In the 1413 expedition (the 3rd), he visited Champa, Java, Sumatra, Palembang, Siam, Kochi and Hormuz.
In the 1421 expedition, he visited Malacca, Aru, Sumatra, Ceylon, Kochi, Calicut, Zufar and Hormuz.
In the 1431 expedition, he visited Bengal, Chittagong, Sonargaon, Gaur, Calicut. From Calicut, he was sent by Eununch Hong Bao as emissary to Mecca.
During his expeditions, Ma Huan took notes about the geography, politics, weather conditions, environment, economy, local customs, even method of punishment for criminals. Returned home on his first expedition, he began writing a book about his expedition, the first draft of which was ready around 1416. He expanded and modified his draft during later expeditions, the final version was ready around 1451. The title of his book was Ying-yai Sheng-lan (The Overall Survey of the Ocean's Shores).
During the Ming dynasty and Qing dynasty, there were many printed and handcopied editions.

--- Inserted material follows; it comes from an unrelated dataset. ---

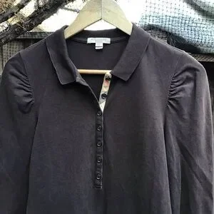 Burberry Brit Nova Check Brown Stretch Long Sleeve Polo Shirt Women’s Large
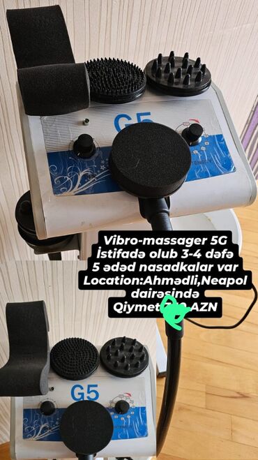 - Vibro-massaj aparat G5: Göstəricidə “G5” modeli. İdarəetmə panelində intensivlik tənzimləyicisi. 5 ədəd nasadka/başlıq: qara köpük başlıq, yumşaq kəmər tipli başlıq, dişcikli iki fərqli sərt başlıq və düz köpük disk. Şəkildə qeyd: “Vibro-massager G5, istifadə olunub 3-4 dəfə, 5 ədəd nasadkalar var. Location: Əhmədli, Neapol dairəsində. Qiymət: … AZN”.

The latest authentic text of a printed version was edited and annotated by historian Feng Chen jun. A newer edition, based on Ming dynasty handcopied editions, was recently published by Ocean Publishing House in China.
An annotated English translation by J.V.G. Mills (1887–1987) was published by the Hakluyt Society in 1970, and reprinted in 1997 by The White Lotus Press in Bangkok. Mills's translation was based on the edition by Feng Cheng jun.
The Ying-yai Sheng-lan is considered by sinologists worldwide as a primary source for the history of Ming dynasty naval exploration, history of South East Asia and history of India.
Scholars who have done research work on Ma Huan: J.J.L. Duyvendak, F. Hirth, Paul Pelliot, Feng Chen jun, Xiang Da, J.V.G. Mills.